Аверьяныч спешил. Грибов запасли быстро: насолили, насушили, должны были вот-вот управиться и с ягодой: клюквой, брусникой. С дровами дело обстояло куда хуже: работники годились лишь чтоб собирать хворост. Конечно, начальство обещало прислать на несколько дней пару-тройку леспромхозовских вальщиков, но Аверьяныч, как всякий бывалый человек, следовал принципу: «На бога надейся, а сам не плошай». Когда они смогут выбраться, лесорубы-то, да и достанет ли им времени заготовить дров на всю зиму — как-никак плита и четыре печки… Каждое утро, затемно еще, уходил Аверьяныч в лес, валил тонкомерные сухостоины, обрубал сучья, а хлысты выволакивал на просеку, с тем чтобы вывезти их потом на санях. Пока топили остатками прежних запасов.
Дни становились короткими, темными, снег шел, дождь моросил. Детей теперь не выпускали из дома. Болезни начались. Карантин отделил первый этаж от второго, и сестра, жившая со старшими на втором этаже, скопив косточек от компота, заворачивала их в бумажный фантик и опускала на нитке к форточке первого этажа — брату, гостинец.

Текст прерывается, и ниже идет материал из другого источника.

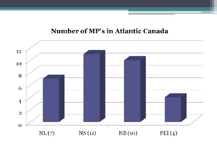 Members of Parliament • Currently, there are 308 MP’s in the House of Commons (a record 69 are women) • Each province has a certain number of MP’s, according to their population.
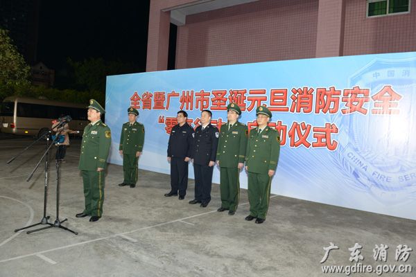 在启动仪式上,王郭社总队长对零点行动进行了动员部署。他指出,广东是经济大省、人口大省,公共娱乐场所多,平安夜、圣诞夜期间群众娱乐活动多,火灾危险性大,历来是火灾防控的重中之重,各级一定要保持清醒的头脑,集中精力,全力以赴,深入扎实地开展好零点夜查行动,确保消防安全形势稳定。各地要以酒吧、歌舞厅、KTV、演出放映等公共娱乐场所,以及商场、市场等人员密集场所为重点,组织开展检查,重点查处公共娱乐场所超员经营,违规在室内使用明火、燃放烟花爆竹,疏散通道、安全出口锁闭,自动消防设施损坏等消防安全隐患,保持执法高压态势。各级既要依法履行消防监督检查职责,又要强化服务意识,充分发挥宣传员、辅导员的作用,切实提高社会单位的消防安全管理水平,为广大人民欢庆节日创造一个良好的消防安全环境。同时,王郭社总队长还呼吁社会和广大人民高度重视消防安全,共同关心、关注、维护、促进社会消防安全,确保节日期间平安全稳定。
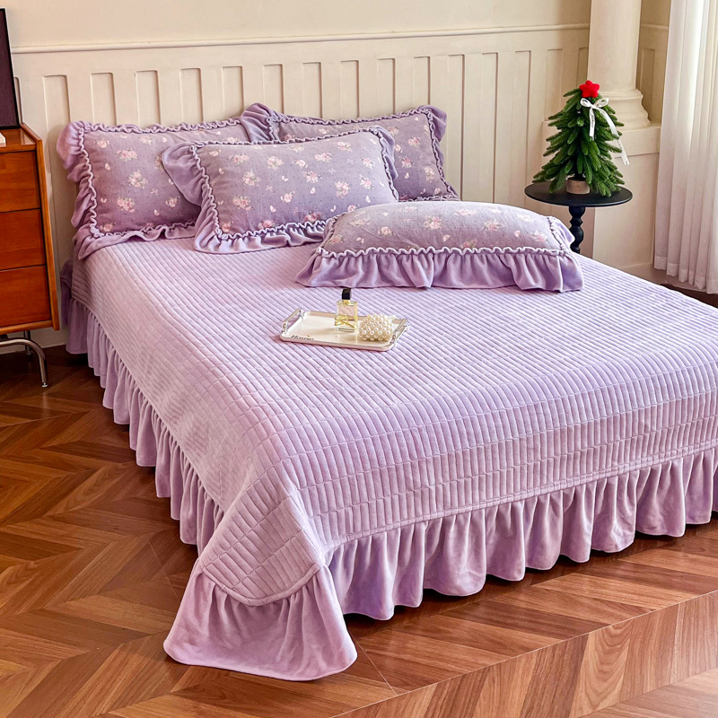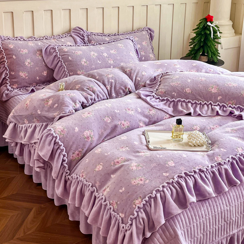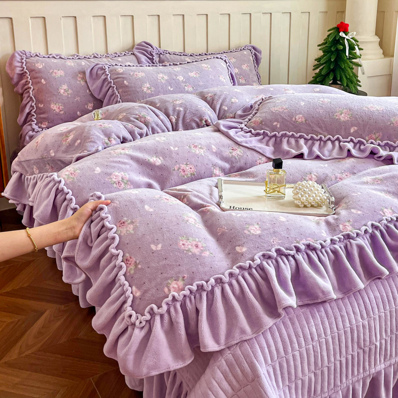 梦可莱家居 2025冬季新款复古风印花牛奶绒大花边床盖四件套 复古风紫庄园
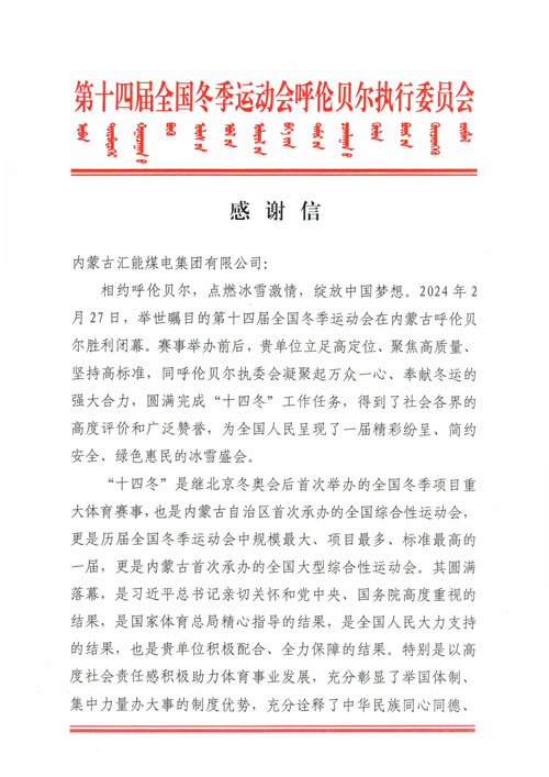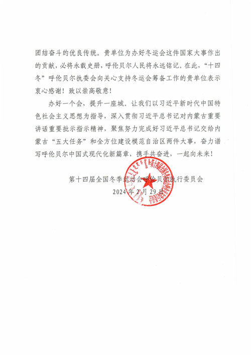 相約呼倫貝爾,點(diǎn)燃冰雪激情,綻放中國(guó)夢(mèng)想。2024年2 月27日,舉世矚目的第十四屆全國(guó)冬季運(yùn)動(dòng)會(huì)在內(nèi)蒙古呼倫貝 爾勝利閉幕。賽事舉辦前后,貴單位立足高定位、聚焦高質(zhì)量、 堅(jiān)持高標(biāo)準(zhǔn),同呼倫貝爾執(zhí)委會(huì)凝聚起萬(wàn)眾一心、奉獻(xiàn)冬運(yùn)的 強(qiáng)大合力,圓滿完成“十四冬”工作任務(wù),得到了社會(huì)各界的 高度評(píng)價(jià)和廣泛贊譽(yù),為全國(guó)人民呈現(xiàn)了一屆精彩紛呈、簡(jiǎn)約 安全、綠色惠民的冰雪盛會(huì)。
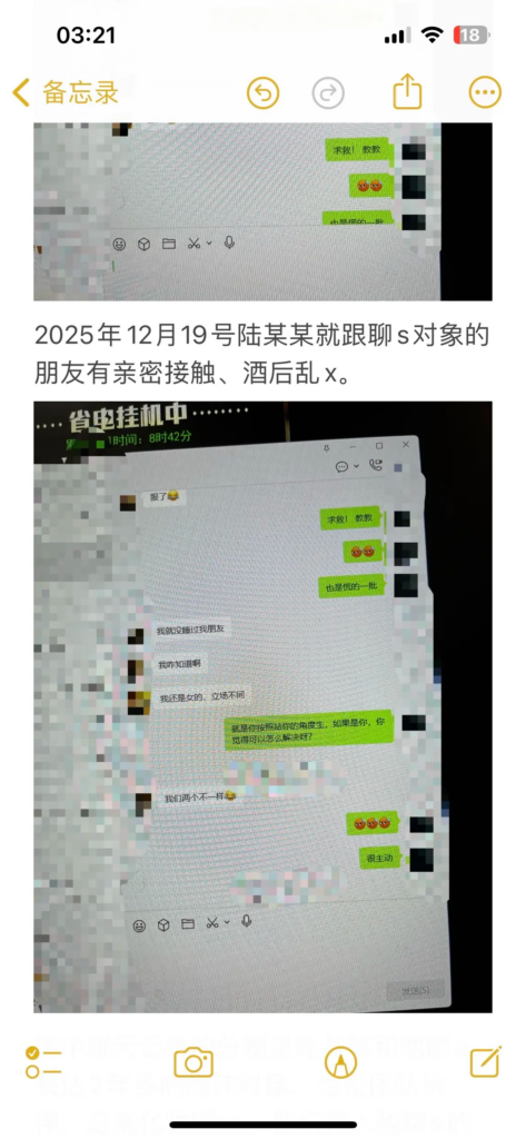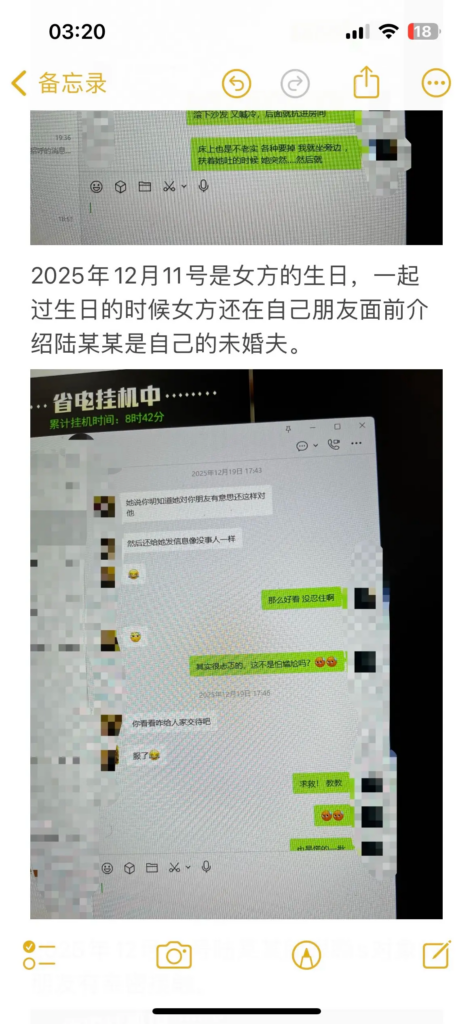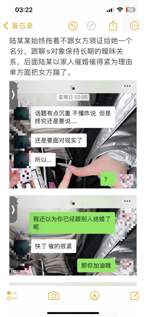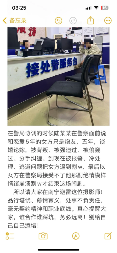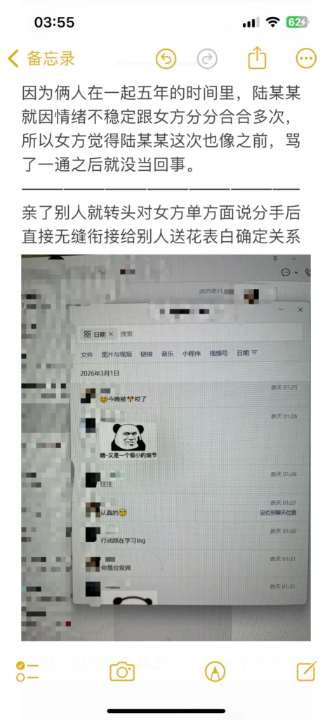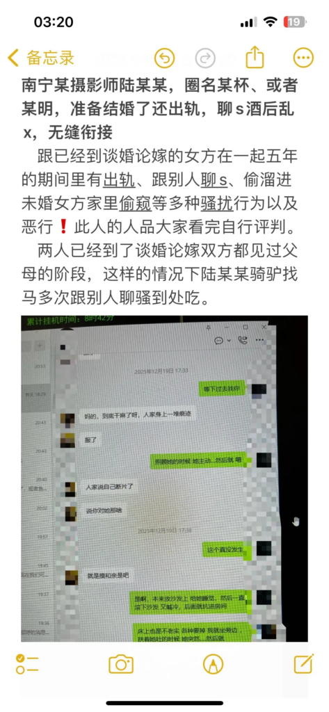在南宁摄影圈,陆某某长期经营“文艺深情、认真负责”的人设,吸引不少人对他产生好感。但现实相反:他已有交往五年的女友,从少女时期一路陪伴到谈婚论嫁。女友以为他会是依靠,却等来背叛与无底线暧昧,甚至近乎病态的跟踪搔扰,行径恶劣,堪称南宁“渣男”典型案例。
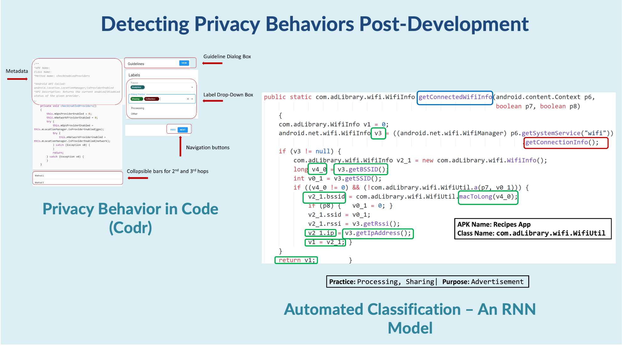 PERC_Lab long-term goal is to develop tool-supported methods, algorithms, and frameworks for minimizing privacy violations, breaches, and risks in software applications throughout their software development lifecycle. One of our goals is to provide developers with systematic approaches and tools to help create privacy-preserving applications that are compliant with current and emerging privacy regulations and best practices, thus protecting the privacy of individuals throughout the software development lifecycle (SDLC) from requirements to code generation. Another goal is to develop techniques that help users better understand the privacy implications of the IoT, mobile, and web applications they use.
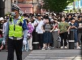 Рабочая поездка председателя правительства России Михаила Мишустина в Китай. Жанровая фотография. Сотрудник полиции Китая во время дежурства на улице города.
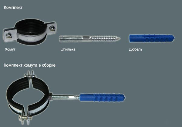 Хомут сантехнический 1 1/2", 47-51 мм, в комплекте шпилька сантех. М8x80 и дюбель интересное:
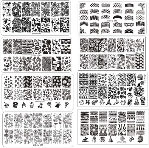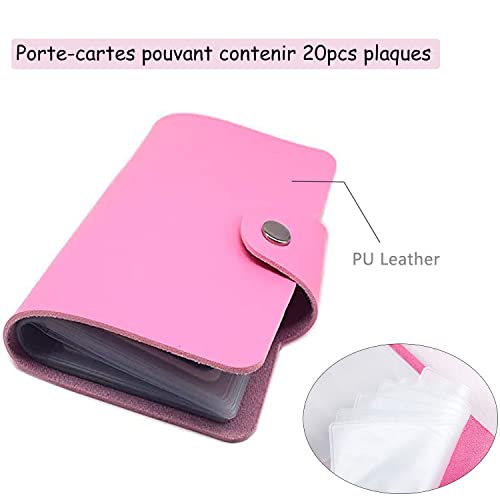 JEEWHEET Set di Nail Art Stamping 15pcs Nail Template Piastra per Unghie, Raschietto, Silicone Nail Art Stamper Portacarte Rosa per Manicure Decorazioni per Unghie

Нянечка получила новое письмо: «Зачем вы только старика своего прислали? И так есть нечего, а тут еще он. Работать, видите ли, не может, только лежит да за сердце держится, а чем я его кормить буду? Знали, что больной, так и не присылали бы на мою шею нахлебника. Будьте вы прокляты!»
— Фашистка! — возмущенно воскликнула читавшая письмо сестра.
— Не знала я ничего, — качала головою старуха, — здоров ведь был, не хворал ведь… Да и войны тогда не было… Дедушко ты мой, дедушко, прости… — Она стянула с головы платок и долго сидела так, в неподвижности, не утирая слез.
Карантин вскоре пришлось отменить — чихали и кашляли все. Докторша не успевала ставить банки. Запасы лекарств, и без того ограниченные, иссякли.
— Что у тебя осталось? — спросил Аверьяныч.
— Канистра спирта, литр йода, бинты, — отвечала докторша.
За полканистры спирта он выменял где-то мешок горчичного порошка, за пузырек йода — корзину сушеной малины. Можно было лечить.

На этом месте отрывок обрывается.